A hard working output stage creates heavy, periodic voltage sag on the supply rail, and this has adverse impact on the voltage amplifier and to a lesser extent on the differential input stage. Interstage crosstalk can be almost eliminated by fitting a diode and small resistor in series from the positive supply rail and a decoupling electrolytic capacitor to ground. Interestingly, sonic testing reveals that a similar network on the negative rail has no beneficial effect. This simple decoupling network ensures that supply rail disturbances created by a hard-working output stage never interfere with the operation of the voltage amplifier and the input differential pair. By ensuring that complex interactions cannot occur between the output and input stages, a potential source of serious intermodulation between the two input stages and the output stage of the amplifier is eradicated. Listening tests reveal a cleaner sound, particularly on heavy musical passages, with superior resolution, clarity and a notable lack of intermodulation.
A better way yet is to use separate, fully regulated rails for the low current stages. This offers several benefits - low crosstalk, compensation for inherent voltage drops across transistors, prevents clipping from occurring the in voltage gain stages, improves detail and resolution and lets you use your high power transistors at lower voltages for the same power.
And the price penalty is really quite reasonable.
· Foster High Linearity – Operate the voltage amplifier at constant current
Remembering the sterile sound and high frequency complications of the constant current source leads to an old concept called bootstrapping.
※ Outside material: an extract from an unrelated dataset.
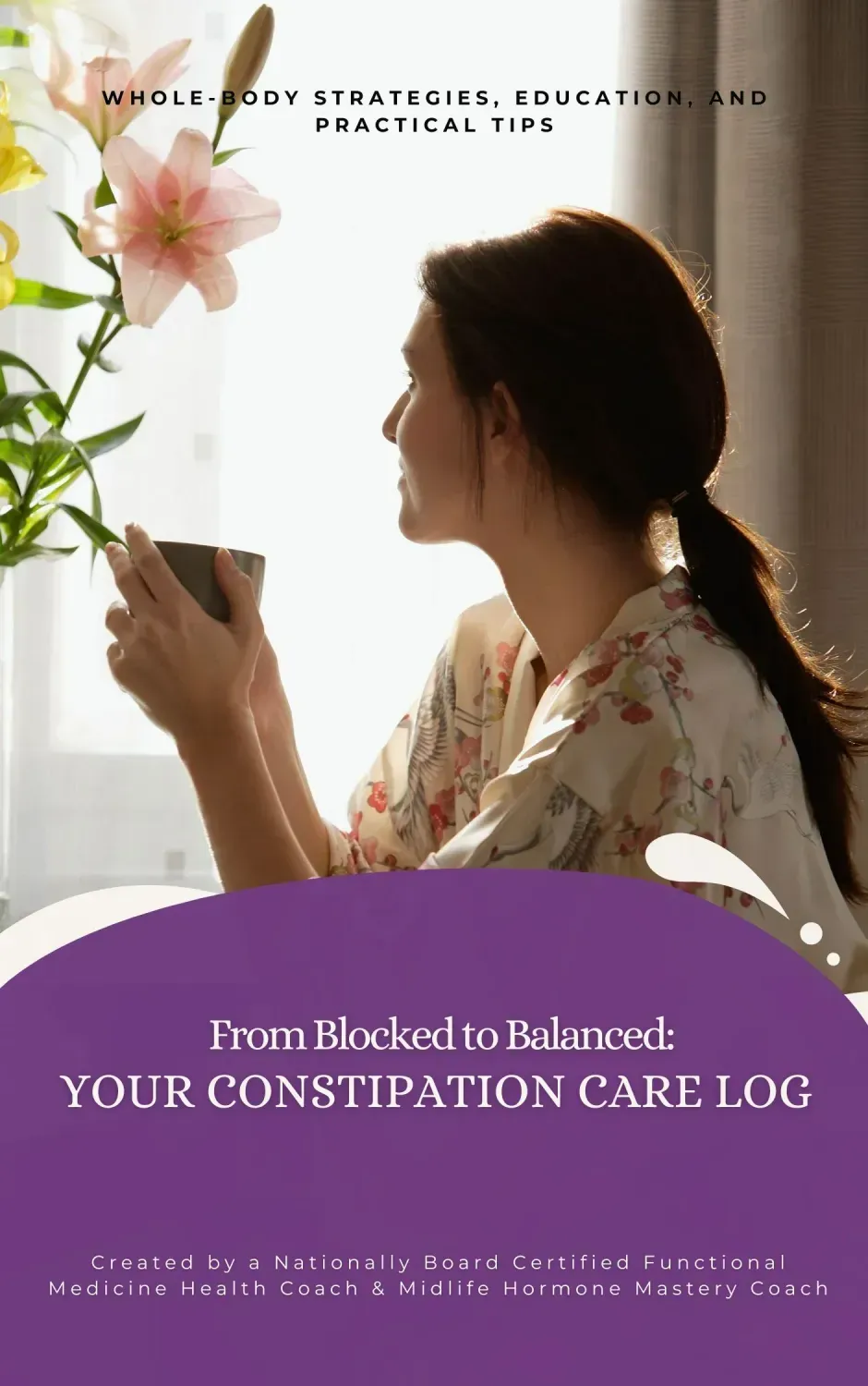 The Constipation Care Log is a 30-page, step-by-step system designed to help you go from blocked to balanced, gently supporting your body to move freely again.
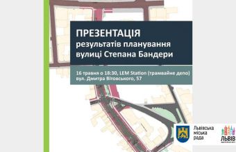 У Львівській міськраді повідомили сьогодні, 12 травня: «Інститут міста наступного тижня презентуватиме результати планування реконструкції вулиці Степана Бандери. Презентація розпочнеться у вівторок, 16 травня, о 18.30 у соціальному хабі «Lem station» на вулиці Вітовського, 57 (територія трамвайного депо). До зустрічі запрошують всіх охочих львів’ян – вхід вільний».

The technique uses the amplifier’s low impedance output to dynamically elevate the voltage amplifier power supply in step with the output signal, permitting the voltage amplifier to run at close to constant current. Constant current operation for any amplifying device improves linearity, minimises distortion and greatly ‘speeds up’ the amplifier by removing loading on the voltage amplifier. The bootstrap also has implications for source impedance. The alternative, the constant current source, has been tried many times but always leads to a dry, unexciting sound – and it confers an extreme high frequency bandwidth which needs to be viciously tamed to ensure amplifier stability. The taming process costs musical vitality. To its discredit, the constant current source does confer an asymmetric clip, slicing the negative half cycle long before the positive. However, although a bootstrap does suffer small current variations, it yields good (though deliberately not outstanding) voltage amplifier linearity and intrinsically confers rapid and convenient high frequency rolloff. Early rolloff helps to make the amplifier stable without resorting elsewhere to draconian bandwidth limitation thus bringing some immunity to digital high frequency artefacts and radio frequency interference, allowing the designer to reduce the size of the output inductor and lag compensation. Again, listening tests reveal that a current source powering the voltage amplifier creates a ‘dry’ sound. The bootstrap gives a subjective impression of speed, attack, pace and liquidity – all of which add impressively to the subjective musical experience and take the listener closer to the passion of the original recording.
Bootstrap also reduces inherent slew rate, and consequently transient response. If used unjudiciously, it can also lead to transient intermodualtion problems.
You don't need draconian measures elsewhere, Hugh. I agree one should not go overboard with the bandwidth, but you can solve the problem quite easily with a low pass filter at the base of the predriver or driver transistor.
· Minimise amplitude/phase Intermodulations – Split DC offset and AC feedback control.
This technique effectively changes the proportions of resistance and capacitance at the feedback node. This reduces adverse signal damping effects arising from the RC series chain in the network whilst preserving offset control. It also creates two AC paths to the blocking capacitor – usually an electrolytic – and this sets up a secondary charge path which masks the poor sonics of such capacitors by minimizing electrolytic memory effects. The result is a superior, longer lasting decay, particularly on fast percussive material such as cymbals, a considerable reduction in the size of the shunt capacitor and an improvement in sonic ambience.
This has been done for some time, e.g. Luxman's "Duo Beta" circuit, and others have used it too, e.g. Marshall Leach. It is one way of doing it, to be sure, though I don't do it that way. I mean, it can be made to work well.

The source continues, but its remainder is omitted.